Named alias with a pool

Models:
  gpt4-pool:
    ModelId: gpt-4o
    ApiKeyEnvVar: OPENAI_API_KEY_1
    ApiKeyEnvVars:
      - OPENAI_API_KEY_2
      - OPENAI_API_KEY_3

Agents:
  - Name: Developer
    Model: gpt4-pool

All agents that reference the same alias share the same KeyPoolChatClient instance, so rotation state is shared across agents. Cooldowns from one agent's 429 apply to all agents using that pool for the duration of the cooldown window.


Fallover chain

When a provider call fails with a classifiable error (rate limit, context exceeded, quota exhausted, or server error), fuseraft-cli can automatically retry on a different model.
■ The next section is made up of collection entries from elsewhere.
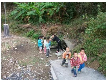
图 5 餐前洗手

(6)“餐前洗手”取 5 分,原因为:该校学生均年幼,留守儿童居多。餐前,孩子们会在水井边排队,由学前班老师负责洗脸和洗手。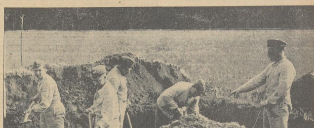
Bild rechts: Täglich auf neue setzen sie gleich unseren Frontsoldaten ihr Leben für die Sicherheit der schaffenden Heimat ein, wenn sie an die Freilegung eines Blindgängers oder — wer weiß es? — einer Langzeitzunderbombe gehen!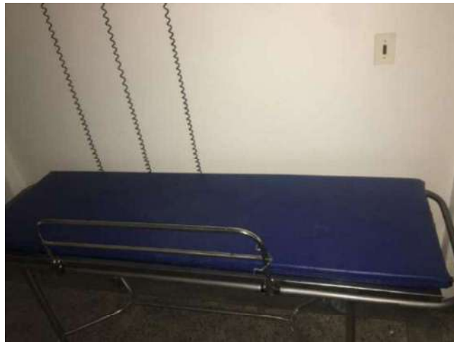
6 - MACA

Valor: R$ 10.000,00 PROCESSO CIVIL E DO TRABALHO -> Processo de Conhecimento -> Procedimento de Conhecimento -> Procedimentos Especiais -> Procedimentos Regidos por Outros Códigos, Leis Esparças e Regimentos INHUMAS - 2ª VARA CIVIL Usuário: DANIEL MOREIRA LOPES - Data: 07/11/2023 09:51:43

Configure an ordered FalloverModels list on any ModelConfig and the primary model is tried first; on failure the next entry is tried, and so on until one succeeds or all are exhausted.

Model:
  ModelId: claude-opus-4-7
  FalloverModels:
    - gpt-4o           # tried if Anthropic returns 429 or 5xx
    - gemini-2.0-flash # final fallback

Each fallover entry supports the same shorthand as ModelId (a plain string) and goes through the full model resolution pipeline — including its own key pool if you configure ApiKeys or ApiKeyEnvVars on the fallover model.

How it works

  1. The primary model is tried first.
  2. If it throws an exception whose cause is in FalloverOn, the error is logged to stderr and the next model in the chain is tried.
  3. For streaming responses, fallover only fires before the first chunk is delivered — mid-stream exceptions propagate as-is (the caller has already received partial output).
  4. If all models in the chain fail, the last exception is re-thrown.

Fallover reasons

Reason HTTP status Trigger condition
RateLimit 429 Request-rate limit hit (not billing-related).
ContextExceeded 400 Prompt exceeded the model's context window.
QuotaExceeded 429 + quota/billing message Account-level quota or billing limit reached.
ServerError 5xx Provider-side server error after all per-request retries.
AuthError 401 / 403 Invalid or missing credentials — not fallover-able by default.

The default FalloverOn value covers all four recoverable reasons. Override it to restrict fallover to specific conditions:

Model:
  ModelId: gpt-4o
  FalloverModels:
    - gemini-2.0-flash
  FalloverOn:
    - ContextExceeded   # only fallover when the prompt is too long

Combining with credential pool rotation

FalloverModels and credential pool rotation work independently and compose well. The key pool rotates between API keys for the same model; the fallover chain switches to a different model when all keys on the primary are exhausted:

Model:
  ModelId: claude-opus-4-7
  ApiKeyEnvVar: ANTHROPIC_KEY_1
  ApiKeyEnvVars:
    - ANTHROPIC_KEY_2     # rotated to on 429
  FalloverModels:
    - gpt-4o              # tried after all Anthropic keys are rate-limited

Named alias with a fallover chain

Models:
  robust:
    ModelId: claude-opus-4-7
    FalloverModels:
      - gpt-4o
      - gemini-2.0-flash

Agents:
  - Name: Developer
    Model: robust

Reasoning models

Reasoning models (OpenAI o1/o3/o4, xAI grok-4.3) reject the temperature parameter. Leave Temperature unset (null) for these models.

xAI reasoning effort

grok-4.3 supports four reasoning depth levels controlled by the ReasoningEffort field:

Value Behaviour
none Reasoning disabled — fastest, cheapest. Use for structured output, routing, and summarisation agents.
low Light reasoning (default when unset on grok-4.3). Balances speed and analytical depth.
medium More thinking tokens. Good for complex analysis, planning, and code review.
high Maximum reasoning — slowest and most expensive. Reserve for the hardest problems.
Models:
  fast:
    ModelId: grok-4.3
    ApiKeyEnvVar: XAI_API_KEY
    ReasoningEffort: none      # structured output, routing agents

  reasoning:
    ModelId: grok-4.3
    ApiKeyEnvVar: XAI_API_KEY
    ReasoningEffort: low       # general agentic work

  deep:
    ModelId: grok-4.3
    ApiKeyEnvVar: XAI_API_KEY
    ReasoningEffort: high      # complex planning or review

The value is injected at the HTTP layer as "reasoning": {"effort": "..."} — no SDK-level support is required.

For OpenAI o1/o3/o4, leave ReasoningEffort unset; those models use a separate SDK-native mechanism (ReasoningEffortLevel) that the OpenAI SDK applies automatically.